BEGIN Recorded information

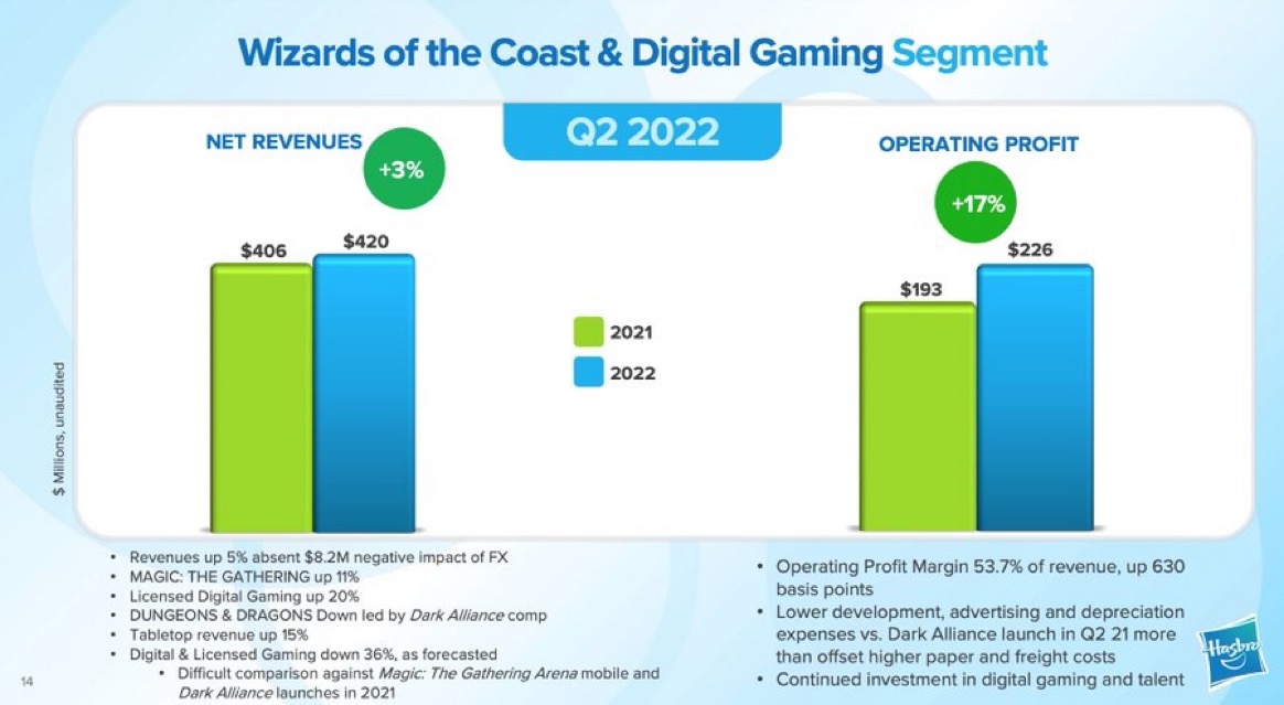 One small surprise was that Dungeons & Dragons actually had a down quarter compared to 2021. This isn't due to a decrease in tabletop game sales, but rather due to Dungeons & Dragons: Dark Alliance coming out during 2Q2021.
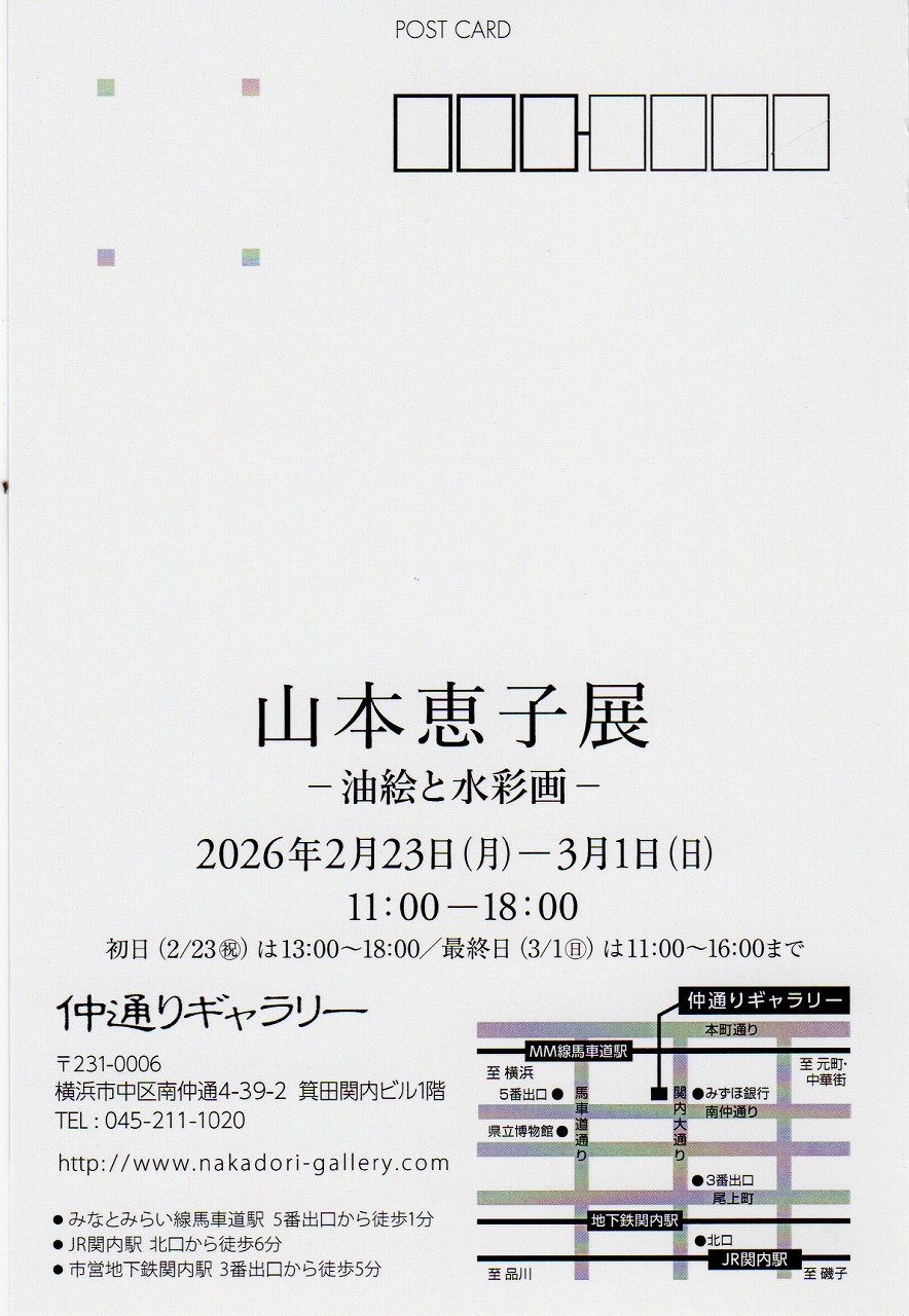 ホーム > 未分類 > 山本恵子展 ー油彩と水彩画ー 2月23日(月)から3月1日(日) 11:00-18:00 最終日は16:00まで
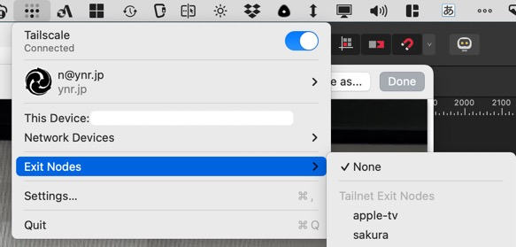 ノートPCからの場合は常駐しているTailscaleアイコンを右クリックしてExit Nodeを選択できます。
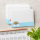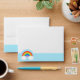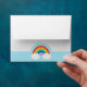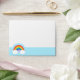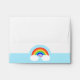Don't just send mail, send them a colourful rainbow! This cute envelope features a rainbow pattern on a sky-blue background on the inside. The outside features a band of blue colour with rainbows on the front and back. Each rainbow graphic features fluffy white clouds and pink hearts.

END Recorded information

▶ [Instructions for the task]:
The whole listing above should be restated word for word, minus any images.

▶ [Your response]:
 One small surprise was that Dungeons & Dragons actually had a down quarter compared to 2021. This isn't due to a decrease in tabletop game sales, but rather due to Dungeons & Dragons: Dark Alliance coming out during 2Q2021.
 ホーム > 未分類 > 山本恵子展 ー油彩と水彩画ー 2月23日(月)から3月1日(日) 11:00-18:00 最終日は16:00まで
 ノートPCからの場合は常駐しているTailscaleアイコンを右クリックしてExit Nodeを選択できます。
Don't just send mail, send them a colourful rainbow! This cute envelope features a rainbow pattern on a sky-blue background on the inside. The outside features a band of blue colour with rainbows on the front and back. Each rainbow graphic features fluffy white clouds and pink hearts.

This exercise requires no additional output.